Goal of the exercise →
Return each line of the data below verbatim; pictures are to be left out.

Data provided →

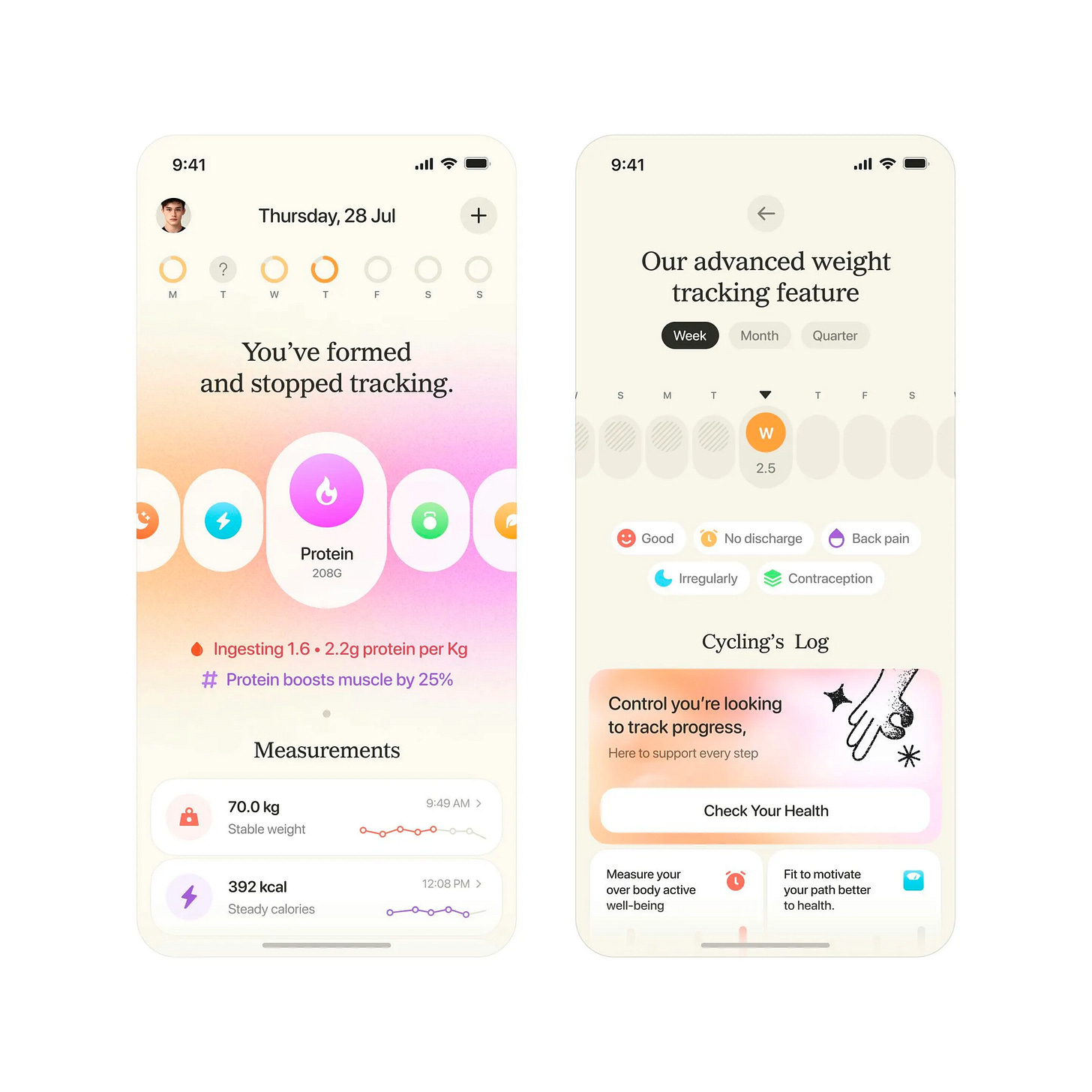 Sajon nails the challenge of making health tracking welcoming instead of clinical with this serif-and-softness approach that breaks every wellness app convention. The off-white backgrounds with bordered white cards create breathing room, while the noisy gradients on progress indicators add tactile depth without overwhelming the data. Most health apps lean into intense dark mode with sharp corners and aggressive illustrations—this goes the opposite direction with clawed effects, serif headlines, and gradients that flow from card backgrounds into the icons themselves. What really works is how this demonstrates that strong visual design comes from understanding branding and marketing, not just product design—the two disciplines intertwine. Steal this technique of challenging category conventions with softer aesthetics and elevated typography, because when everyone in your space looks one way, differentiation means having the confidence to go the opposite direction.
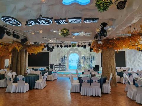 酒店大厅位于一楼,二层至五楼共有客房75间,按风格分为:森林主题客房,冰雪主题客房两大类,其中包含套房八间。一楼为酒店餐厅。酒店配有室内停车场等基础设施。五层新装修智能森林主题标间。整体装修选材上为自然原生的环保材质。欢迎全国各地朋友!
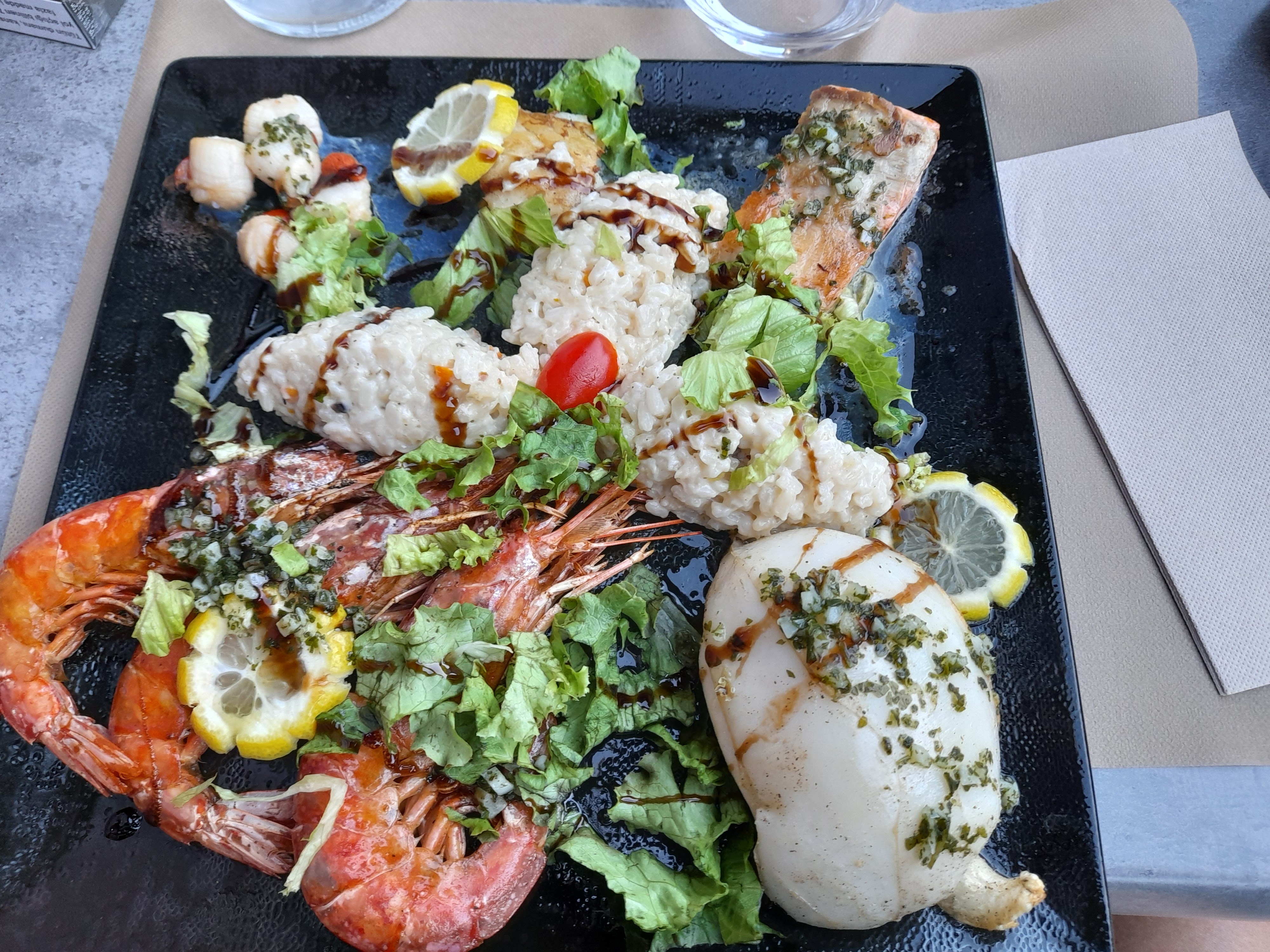 Nous avons très bien mangé, midi vers 13h. Entrecôte, frites et salade ainsi qu'un risotto au poulpe. service très sympathique !

Written solution →
 Sajon nails the challenge of making health tracking welcoming instead of clinical with this serif-and-softness approach that breaks every wellness app convention. The off-white backgrounds with bordered white cards create breathing room, while the noisy gradients on progress indicators add tactile depth without overwhelming the data. Most health apps lean into intense dark mode with sharp corners and aggressive illustrations—this goes the opposite direction with clawed effects, serif headlines, and gradients that flow from card backgrounds into the icons themselves. What really works is how this demonstrates that strong visual design comes from understanding branding and marketing, not just product design—the two disciplines intertwine. Steal this technique of challenging category conventions with softer aesthetics and elevated typography, because when everyone in your space looks one way, differentiation means having the confidence to go the opposite direction.
 酒店大厅位于一楼,二层至五楼共有客房75间,按风格分为:森林主题客房,冰雪主题客房两大类,其中包含套房八间。一楼为酒店餐厅。酒店配有室内停车场等基础设施。五层新装修智能森林主题标间。整体装修选材上为自然原生的环保材质。欢迎全国各地朋友!
 Nous avons très bien mangé, midi vers 13h. Entrecôte, frites et salade ainsi qu'un risotto au poulpe. service très sympathique !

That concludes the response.